[AVAILABLE DATA]
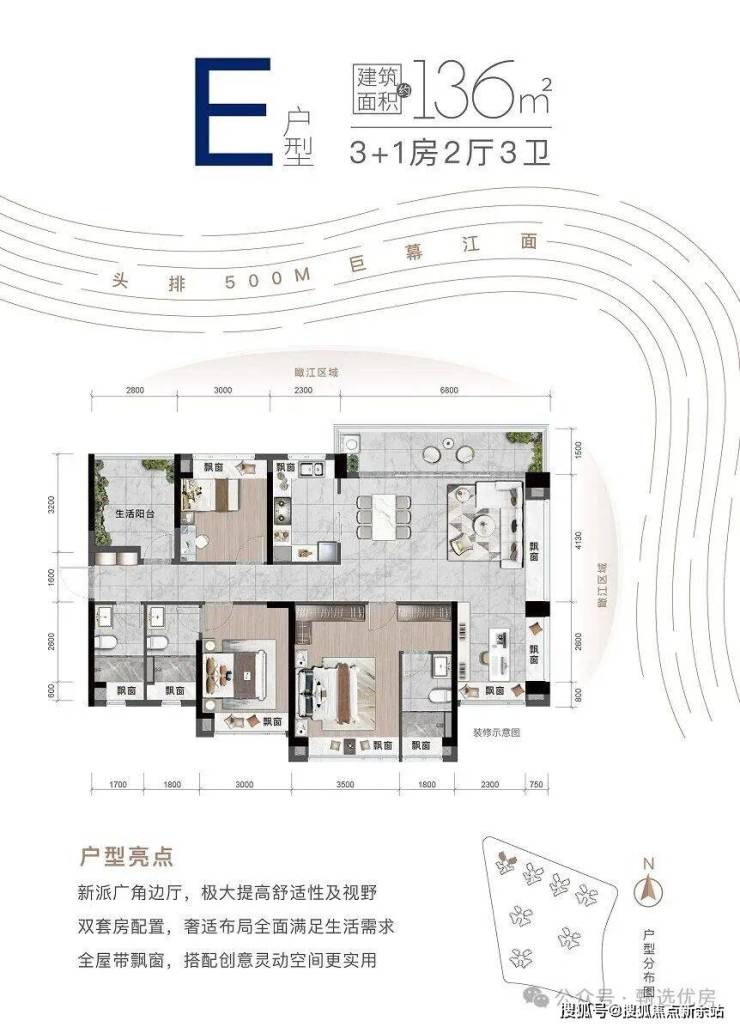 一、项目价值点1、【以江为贵】稀缺江景盘价值看得见,临江盘中性价比最高江历来是豪宅基因,一线望江盘代表了该板块房价天花板,由于江景资源的不可复制性、传统文化的风水福地、优越的居住体验,同一板块江景房价格普遍高于普通住宅,且升值潜力往往高于非江景房,真正的增值硬资产!
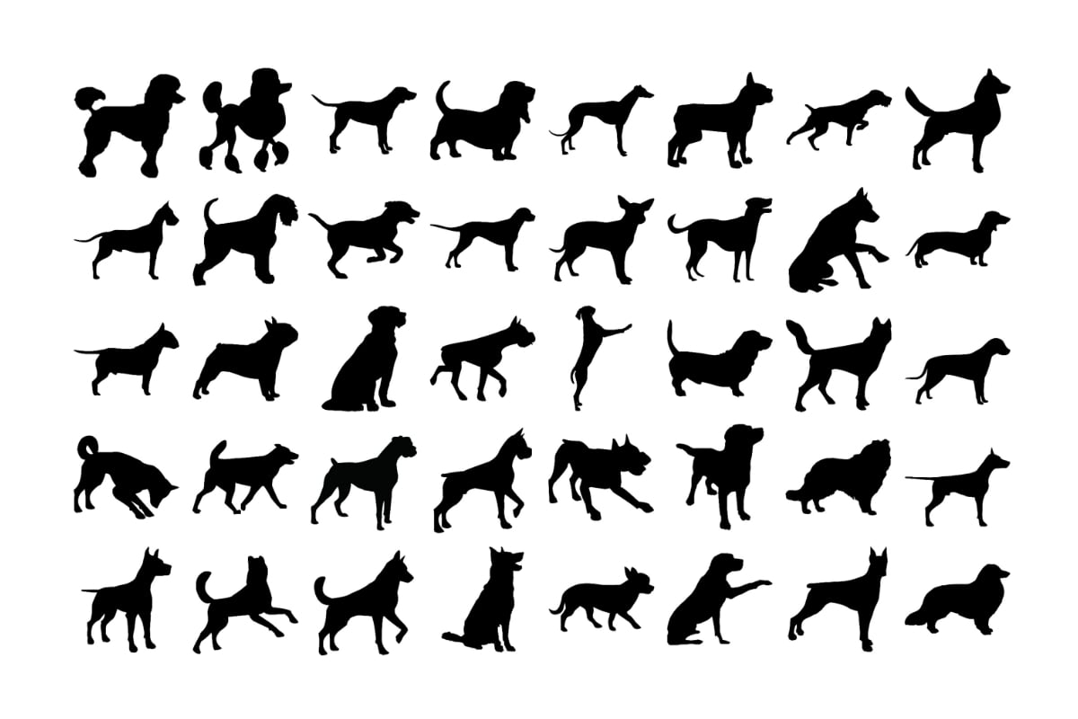 Dog Silhouette Procreate Brush Stamp Set 2, 40 dog stamps
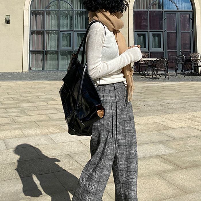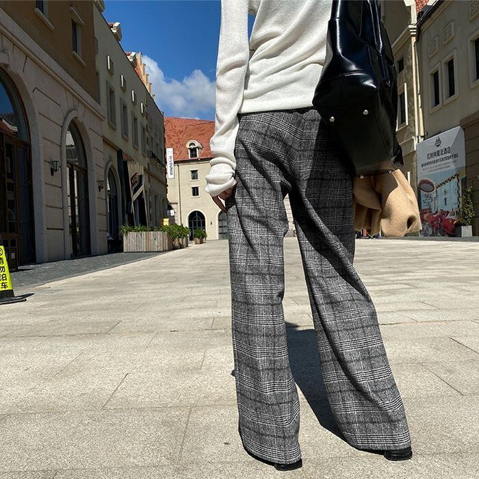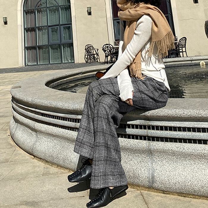 ボトムス パンツ ワイドパンツ ハイウエスト グレンチェック 大人可愛い 大人女子 きれいめ シンプル 上品 こなれ感 クール ハンサム モダン ラフ ルーズ おしゃれ お洒落 フォーマル 春 夏 秋 冬 入学式 入園式 卒業式 卒園式 10代 20代 30代 40代 レディース 女性用 オフィス OL ビジネス 通勤 デート お出かけ 休日 ショッピング 着回し 普段使い 韓国 韓国系 オルチャン ファッション コーデ スタイル 脚長 デイリー S M L グレー
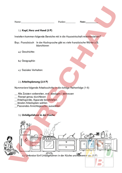 Name:_ Punkte: Note: 1.) Kopf, Herz und Hand (3 P) Inwiefern kommen folgende Bereiche mit in die Hauswirtschaft miteinbeziehen? Bsp.: Französisch In der Kochsprache gibt es viele französische Wörter z.B. blanchieren a.) Geschichte: b.) Geographie: c.) Soziales Verhalten: 2.) Arbeitsplanung (2.5 P) Nummeriere folgende Arbeitsschritte in die richtige Reihenfolge (15) Alle Zutaten vorbereiten, evtl. abwägen abmessen Rezept genau durchlesen Arbeitsgeräte, Apparate bereitstellen Idealen Arbeitsplatz wählen Passendes Anrichtegeschirr auswählen 3.) Unfallgefahren in der Küche a.) Umkreise fünf Unfallgefahren in der Küche und benenne sie. (5 P) Bsp.: Scherben auf dem Boden Schnittwunden 4.) Kräuter (3 P) Beschrifte die Kräuter mit der korrekten Bezeichnung. 5.) Sieden a.) Sieden heisst kochen im. (0.5 P) b.)Fülle die Lücken korrekt aus. (3 P) Arbeitsgeräte: Zubereitung: Flüssigkeit in Pfanne geben Pfanne Wasser zu_ auf Stufe aufkochen würzen (z. B. mit Bouillonpaste) oder EL Salz 6.) Abwaschen a.)Fülle die Lücken korrekt aus. (3.5 P) Vorarbeiten: • Wenn nötig, kurz unter Wasserstrahl abspülen (Saucenreste) und alles zusammenstellen (sortieren). • Tröge und Tropfbrett (Inhalt des Abflusssiebes in den Abfall geben). Abwaschen: • Beide Tröge zur Hälfte mit Wasser füllen. • In den Trog rechts einen „Strahl ins Wasser geben (so gibt es keinen Schaum, der beim Abwaschen stört). • • • Geschirrabwaschen (Reihenfolge!) Achtung: Geschirr hat auch Rückseiten! Im linken Trog in das gut heisse Spülwasser tauchen und auf diestellen. Das Geschirr gut b.) Ordner die Reihenfolge des Geschirrs beim Abwaschen in die richtige Reihenfolge: (2.5 P) 1 2 3 4 5
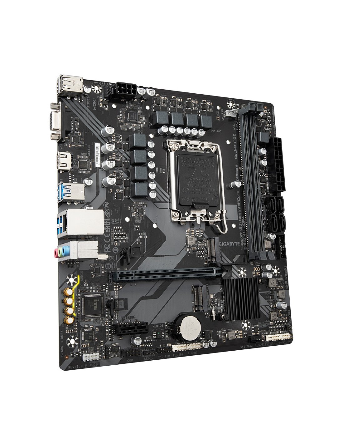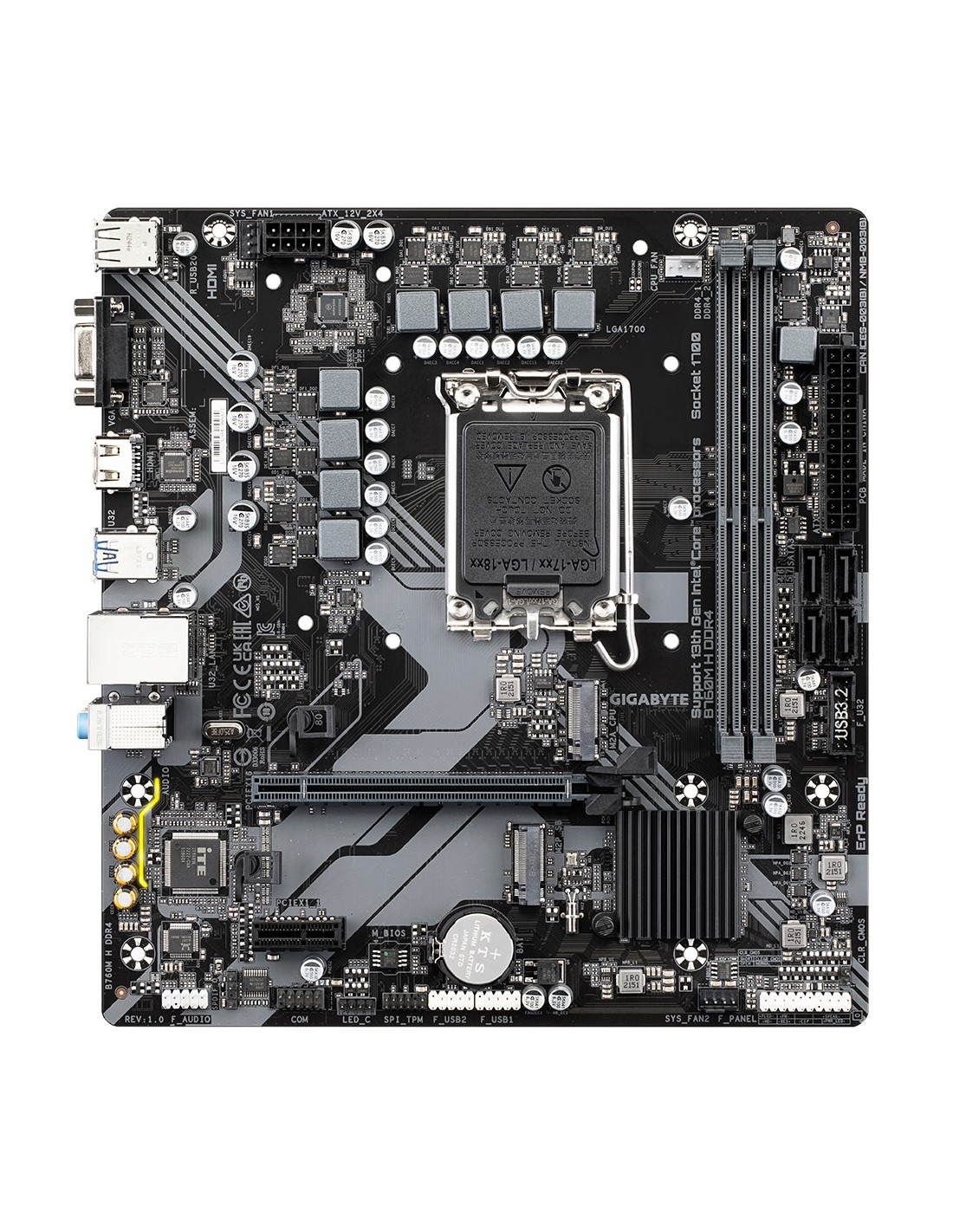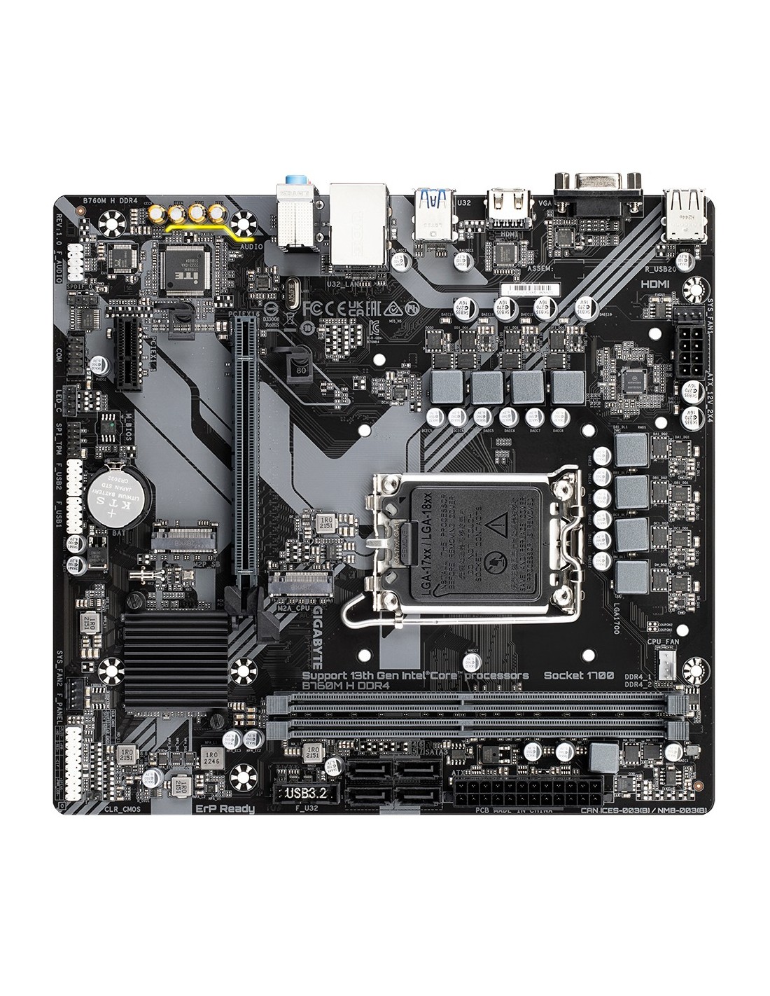 GIGABYTE B760M H DDR4 Placa base - Soporta CPUs Intel Core de 14ª generación, VRM digital de 6+1+1 fases, hasta 3200MHz DDR4 (OC), 2xPCIe 4.0 M.2, GbE LAN, USB 3.2 Gen1, Intel, LGA 1700, Intel® Celeron®, Intel® Pentium® Gold, LGA 1700, 64 GB, DDR4-SDRAM
[/AVAILABLE DATA]
**PROBLEM DESCRIPTION**:
All of the material above should be written out exactly as given, minus any images.

**SOLUTION BELOW**:
 一、项目价值点1、【以江为贵】稀缺江景盘价值看得见,临江盘中性价比最高江历来是豪宅基因,一线望江盘代表了该板块房价天花板,由于江景资源的不可复制性、传统文化的风水福地、优越的居住体验,同一板块江景房价格普遍高于普通住宅,且升值潜力往往高于非江景房,真正的增值硬资产!
 Dog Silhouette Procreate Brush Stamp Set 2, 40 dog stamps
 ボトムス パンツ ワイドパンツ ハイウエスト グレンチェック 大人可愛い 大人女子 きれいめ シンプル 上品 こなれ感 クール ハンサム モダン ラフ ルーズ おしゃれ お洒落 フォーマル 春 夏 秋 冬 入学式 入園式 卒業式 卒園式 10代 20代 30代 40代 レディース 女性用 オフィス OL ビジネス 通勤 デート お出かけ 休日 ショッピング 着回し 普段使い 韓国 韓国系 オルチャン ファッション コーデ スタイル 脚長 デイリー S M L グレー
 Name:_ Punkte: Note: 1.) Kopf, Herz und Hand (3 P) Inwiefern kommen folgende Bereiche mit in die Hauswirtschaft miteinbeziehen? Bsp.: Französisch In der Kochsprache gibt es viele französische Wörter z.B. blanchieren a.) Geschichte: b.) Geographie: c.) Soziales Verhalten: 2.) Arbeitsplanung (2.5 P) Nummeriere folgende Arbeitsschritte in die richtige Reihenfolge (15) Alle Zutaten vorbereiten, evtl. abwägen abmessen Rezept genau durchlesen Arbeitsgeräte, Apparate bereitstellen Idealen Arbeitsplatz wählen Passendes Anrichtegeschirr auswählen 3.) Unfallgefahren in der Küche a.) Umkreise fünf Unfallgefahren in der Küche und benenne sie. (5 P) Bsp.: Scherben auf dem Boden Schnittwunden 4.) Kräuter (3 P) Beschrifte die Kräuter mit der korrekten Bezeichnung. 5.) Sieden a.) Sieden heisst kochen im. (0.5 P) b.)Fülle die Lücken korrekt aus. (3 P) Arbeitsgeräte: Zubereitung: Flüssigkeit in Pfanne geben Pfanne Wasser zu_ auf Stufe aufkochen würzen (z. B. mit Bouillonpaste) oder EL Salz 6.) Abwaschen a.)Fülle die Lücken korrekt aus. (3.5 P) Vorarbeiten: • Wenn nötig, kurz unter Wasserstrahl abspülen (Saucenreste) und alles zusammenstellen (sortieren). • Tröge und Tropfbrett (Inhalt des Abflusssiebes in den Abfall geben). Abwaschen: • Beide Tröge zur Hälfte mit Wasser füllen. • In den Trog rechts einen „Strahl ins Wasser geben (so gibt es keinen Schaum, der beim Abwaschen stört). • • • Geschirrabwaschen (Reihenfolge!) Achtung: Geschirr hat auch Rückseiten! Im linken Trog in das gut heisse Spülwasser tauchen und auf diestellen. Das Geschirr gut b.) Ordner die Reihenfolge des Geschirrs beim Abwaschen in die richtige Reihenfolge: (2.5 P) 1 2 3 4 5
 GIGABYTE B760M H DDR4 Placa base - Soporta CPUs Intel Core de 14ª generación, VRM digital de 6+1+1 fases, hasta 3200MHz DDR4 (OC), 2xPCIe 4.0 M.2, GbE LAN, USB 3.2 Gen1, Intel, LGA 1700, Intel® Celeron®, Intel® Pentium® Gold, LGA 1700, 64 GB, DDR4-SDRAM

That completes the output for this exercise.